The gradient macro differentiates a Rust function analytically at compile time and emits a companion {fn}_gradient that returns the closed-form gradient as a fixed-size array. No numerical approximation, no runtime overhead beyond the arithmetic itself.

§How it works

At compile time the macro:

  1. Parses the function body into a symbolic expression tree.
  2. Differentiates each component analytically using standard calculus rules.
  3. Simplifies the result (constant folding, identity laws, CSE, etc.).
  4. Applies greedy commutative/associative reordering to expose further common sub-expressions.
  5. Emits the gradient function with shared sub-expressions hoisted into let bindings.

§Example

use symdiff::gradient;

#[gradient(dim = 2)]
fn rosenbrock(x: &[f64]) -> f64 {
    let a = 1.0 - x[0];
    let b = x[1] - x[0].powi(2);
    a.powi(2) + 100.0 * b.powi(2)
}

// Generates rosenbrock unchanged, plus:
// fn rosenbrock_gradient(x: &[f64]) -> [f64; 2] {
//     let tmp0 = x[0].powi(1);   // shared sub-expressions hoisted
//     ...
//     [∂f/∂x[0], ∂f/∂x[1]]
// }

let g = rosenbrock_gradient(&[1.0, 1.0]);
assert_eq!(g, [0.0, 0.0]); // minimum of the Rosenbrock function

§Attribute parameters

  • dim: usize — number of gradient components; must match the number of x[i] indices used in the function body (required)
  • max_passes: usize — maximum simplification passes; default 10 (optional)

§Supported syntax

The function body may contain let bindings followed by a bare tail expression.
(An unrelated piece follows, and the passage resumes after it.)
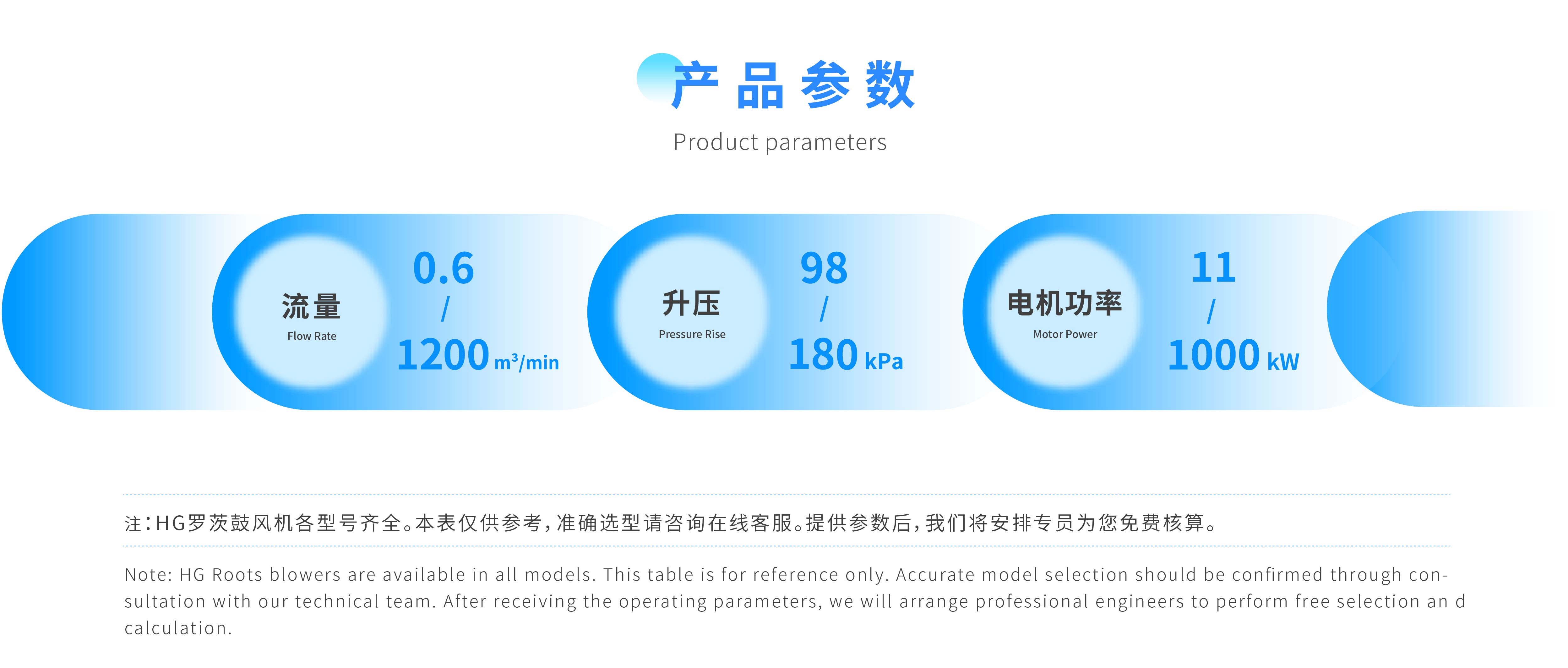 双级串联罗茨风机叶轮采用渐开线型线,先进合理,整机效率高、材质优、寿命长、噪音低。采用强制润滑,升压高、转子平衡精度高、振动小、长期运行安全可靠。主要零部件采用数控设备加工,齿轮采用5级精度,产品精度高,运行可靠。机壳、墙板采用中分结构,检修方便,结构紧凑,体积小、重量轻、使用维护方便。

Within expressions, the following are supported:

  • Variables: x[0], x[1], … (integer literal indices only)
  • Numeric literals: 1, 2.0, etc.
  • Arithmetic: +, -, *, /, unary -
  • Methods: powi(n) (integer literal exponent), sin, cos, ln, exp, sqrt
  • Transparent: parentheses, as f64 casts, block expressions

Anything else (closures, function calls, loops, …) causes a compile-time panic with a descriptive message.

§Limitations

  • The input slice parameter must be named x.
  • powi exponents must be integer literals, not variables.
  • Conditional expressions and loops cannot be differentiated symbolically.

Attribute Macros§

gradient
Emit the original function unchanged, plus {fn}_gradient(x: &[f64]) -> [f64; dim] where element i is ∂f/∂x[i] in closed form.